I'm new to C#, but I never understood what the () at the end of a dictionary means!
Let's say I have a class, and I declare a field like this:
public Dictionary<InventoryType, Inventory> Inventory { get; private set; }
And then, on the constructor, I have:
Inventory = new Dictionary<InventoryType, Inventory>(6);
What does the 6 at the end means? Thank you!
From MSDN:
Dictionary(Int32) Initializes a new instance of the Dictionary class that is empty, has the specified initial capacity, and uses the default equality comparer for the key type.
So it's the initial size of the dictionary.
Look at this question for why you would want to set the initial capacity.
That 6 is the initial capacity. It's a soft indication for the collection how big it will be, it's not a limit of any kind.
When you know that a collection will hold a certain number of elements it is slightly more efficient to allocate the space for those elements at once. Otherwise the collection will use an algorithm to grow but that involves copying data.

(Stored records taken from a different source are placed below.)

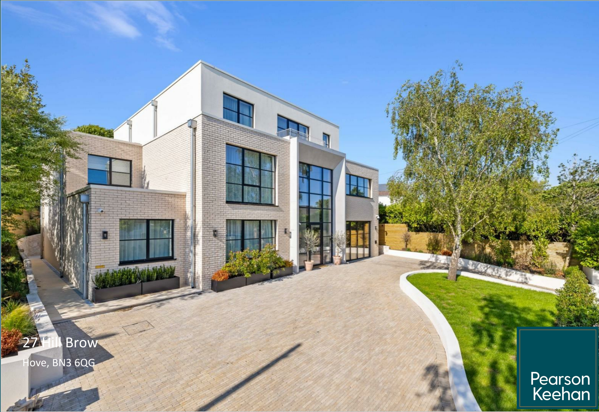
27 Hill Brow Hove, BN3 6QG
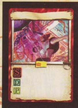
Grape Shot 2-11
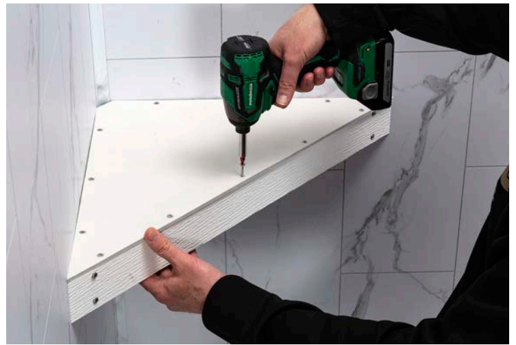
Use the sub-deck screws by placing them into the pre-drilled countersunk holes so the screws can be flush with deck surface.
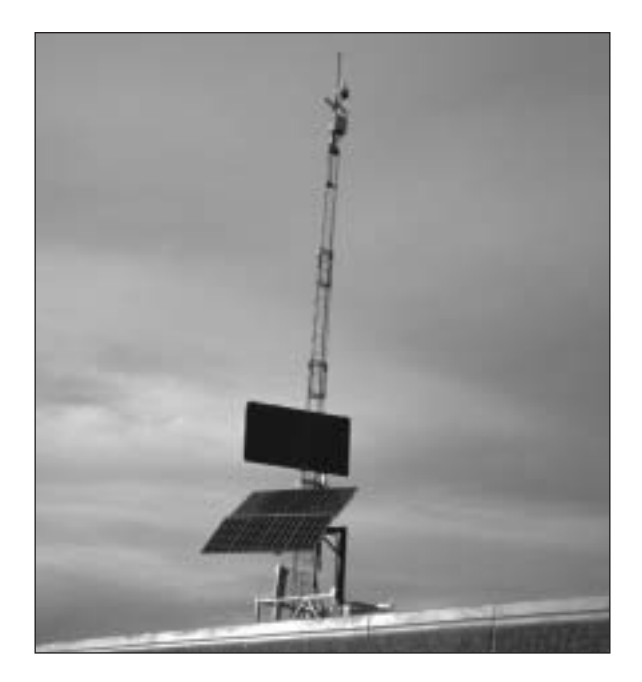
Figure 3 – Solar-Powered Sensors and Communication Equipment
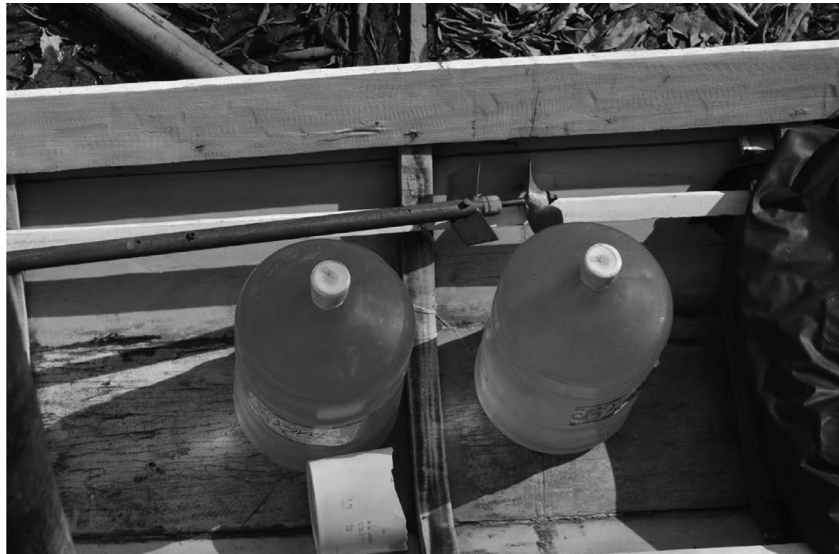
Figure 4. Bottled water supplements drinking water during periods of low rainfall.

Most collections start with capcity=4 and when that is filled they grow to 8, then to 16 etc. Each time a new internal array (depends on the actuial collection) is allocated and the existing data has to be copied.
And that means that 6 is rather low, and hardly worthwile.
Related
Certain collection types in .Net have an optional "Initial Capacity" constructor parameter. For example:
Dictionary<string, string> something = new Dictionary<string,string>(20);
List<string> anything = new List<string>(50);
I can't seem to find what the default initial capacity is for these objects on MSDN.
If I know I will only be storing 12 or so items in a dictionary, doesn't it make sense to set the initial capacity to something like 20?
My reasoning is, assuming that the capacity grows like it does for a StringBuilder, which doubles each time the capacity is hit, and each reallocation is costly, why not pre-set the size to something you know will hold your data, with some extra room just in case? If the initial capacity is 100, and I know I will only need a dozen or so, it seems as though the rest of that memory is allocated for nothing.
If the default values are not documented, the reason is likely that the optimal initial capacity is an implementation detail and subject to change between framework versions. That is, you shouldn't write code that assumes a certain default value.
The constructor overloads with a capacity are for cases in which you know better than the class what number of items are to be expected. For example, if you create a collection of 50 values and know that this number will never increase, you can initialize the collection with a capacity of 50, so it won't have to resize if the default capacity is lower.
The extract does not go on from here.